Last Edited: Sat. Feb 6, 2021 - 01:00 AM

I was trying to understand El Tangas's algorithm, and I encounterd difficulties.

Than it poped my mind that maybe he's not meaning Remainder.

I think that many people are using Remainder as "the decimal part of a fractional number",

but it is not absolutely correct.

Thank you.

Last Edited: Fri. Feb 5, 2021 - 06:06 PM

clawson wrote:
it would be wrong to refer to the .33 part of this as the "remainder".

Catalin Ioan Stanciu wrote:

I think that many people are using Remainder as "the decimal part of a fractional number",

but it is not absolutely correct.

That's right, I mean the fractional part, not "remainder" in a strict mathematical sense. Sorry if it caused confusion.

IIRC I used some kind of fixed point format.

Last Edited: Fri. Feb 5, 2021 - 06:18 PM

I studied your algo. Though uses aproximation it's avg. just few fractions of Cycle faster than mine.

I tried hard to get one instruction faster on my algo, but in vain.

I guess aproximation works harder on many Bytes. I'll try there. :-)

I'll update all my sources, from time to time, on first post. (#1)

Thanks a lot.

Are you now talking about a 16 or 24 bit version , packed / unpacked and what is the number of clocks ?

Then I will see if I can solve at better way :)

For others yes I do this for fun, like a crossword, since we know it can be less than  than 1% of the AVR's time there is no need!

I'm hopeless. I'm still at contest; can't abstain.

Still the Two Bytes; were I might have found something; though Not Sure Yet!

If you discount the BCD packing, on my 16 bit, I'm at 49,53 clk AVG. <---WRONG , it is 51.53

That's one instruction, and AVG will fall below 49.

Yes, I now I'll be up on MAX; but as I said: "I can't abstain".

Last Edited: Sat. Feb 6, 2021 - 02:19 PM

try this on debug, AS7:

ldi r16,low(01234)

ldi r17,high(01234)

it gives:

and without first zero:

ldi r16,low(1234)

ldi r17,high(1234)

gives:

01234 means Octal(1234) which equals Hex (29C). It seems that I got screwd up by this!

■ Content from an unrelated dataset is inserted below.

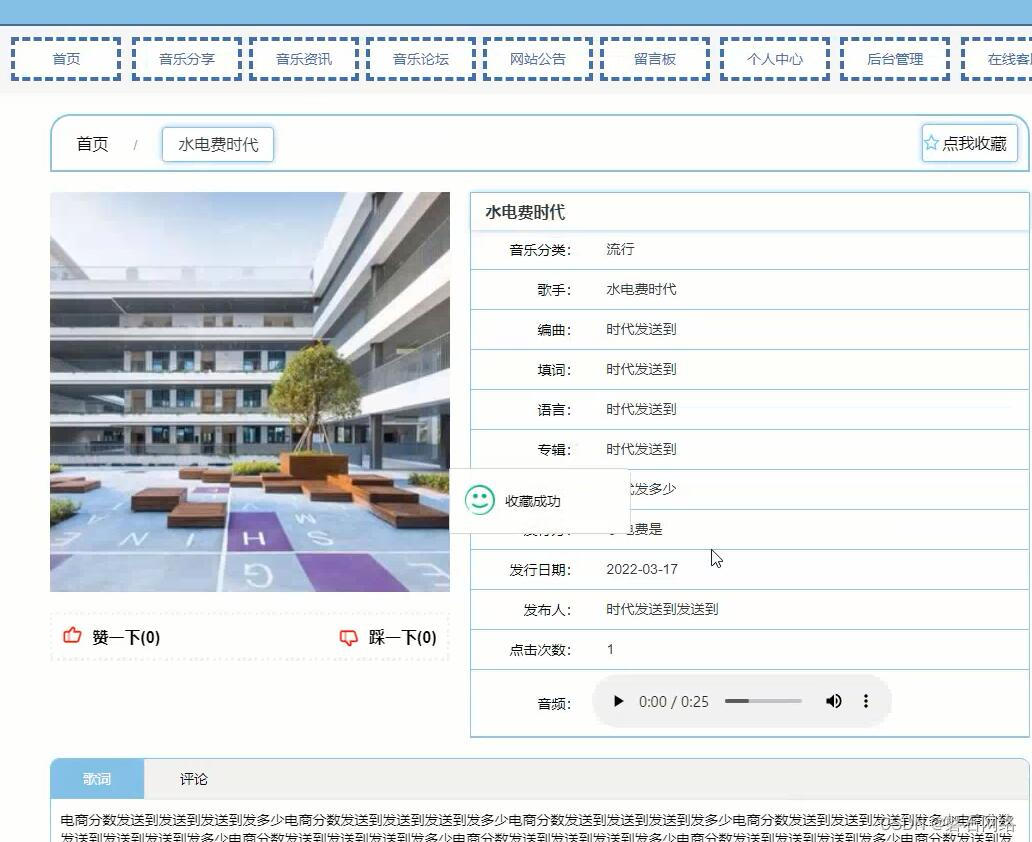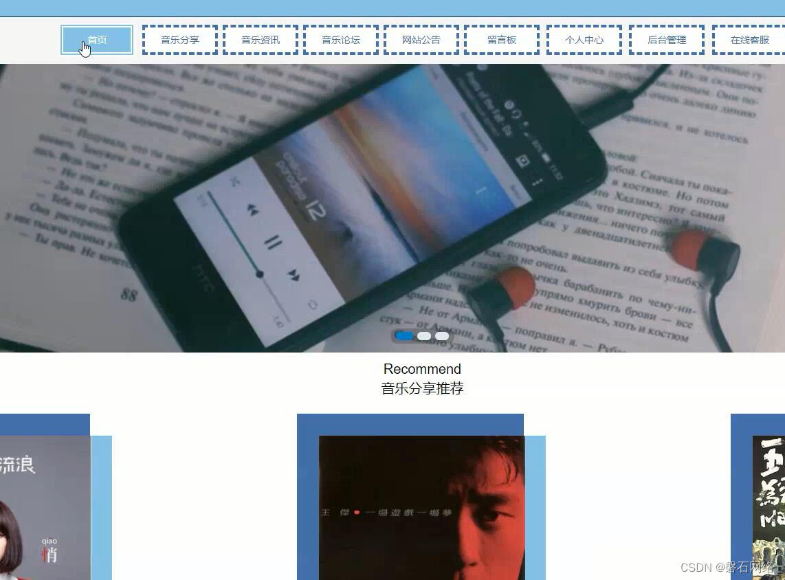 管理员:管理用户、新闻管理、音乐管理、评论管理等。
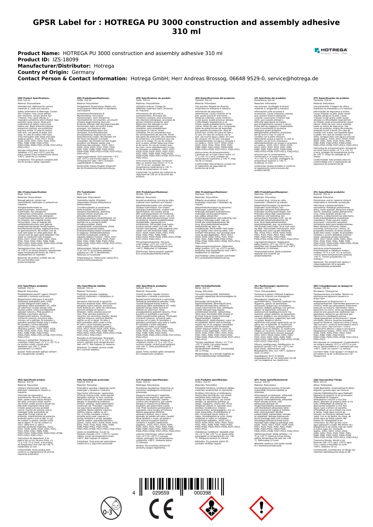 HOTREGA PU 3000 Konstruktions- und Montagekleber 310 ml

These are measurements without counting INPUT and without BCD packing.

I am wrong now, and I was wrong also the first time I did the measurement:

my original version (V2) is         AVG=50.532 Clks   on 0-65535

my actual version (see bellow) AVG=51.98 Clks   on 0-65535

Actual version has this code bellow:

;------

breq PC+11
; r1 can be 1 or 3
dec r1
breq PC+3        ; it means it was 1, but now is 0
inc r17
mov r1,SIX
add r1,SIX    ; now r1 is SIX or TWELVE
inc r17        ; increment Quotient
brcc PC+3    ; possible one do-it-again on Carry resulted from last instruction
inc r17
; previous 13 instructions: min. 4 and max. 14 clk

;---------------

and this is worse than V2 version:

;----------

lsr r1            ; r1=0 and possible 1 shifted to C
brcc PC+4        ; branch if zero (evident)
inc R17        ; increment Quotient(R1 was one)
brcs PC-2    ; possible one do-it-again on Carry resulted from last instruction
; On previous 5 instructions
; if High(INPUT)>\$A8 5 or 9 clk, depending on RB256
; if High(INPUT)<\$A8 3 or 5 clk, depending on RB256

brcc PC+4        ; but if we have CARRY?
inc r17        ; increment Quotient
brcs PC-2    ; possible one repeat on Carry resulted from last instruction
; if there were 6 or  9 on previous paragraph we have only 3 clk  here
; if there were 3 or  5 on previous paragraph we have 3 to max. 9 here
;    so, this is somehow compensated (on both) to 6 to max. 15 clk

;---------

Were I can see that "min. 4 and max. 14 clk" is worse than "6 to max. 15 clk"

Last Edited: Sat. Feb 6, 2021 - 11:13 PM

Do you know the record on 24 and 32 bits?

Nope.

And it will start to get crowded in the registers so perhaps it should include store result in RAM.

(FYI)

My "posted here" Three Bytes(24bit) version is AVG=145.76 from 00:00:00 to FF:FF:FF

My "posted here" Three Bytes(24bit) version is AVG=148.07 from FF:00:00 to FF:FF:FF

(it'll take hours to count from 00:00:00 to FF:FF:FF; it should thus be under 150 clk)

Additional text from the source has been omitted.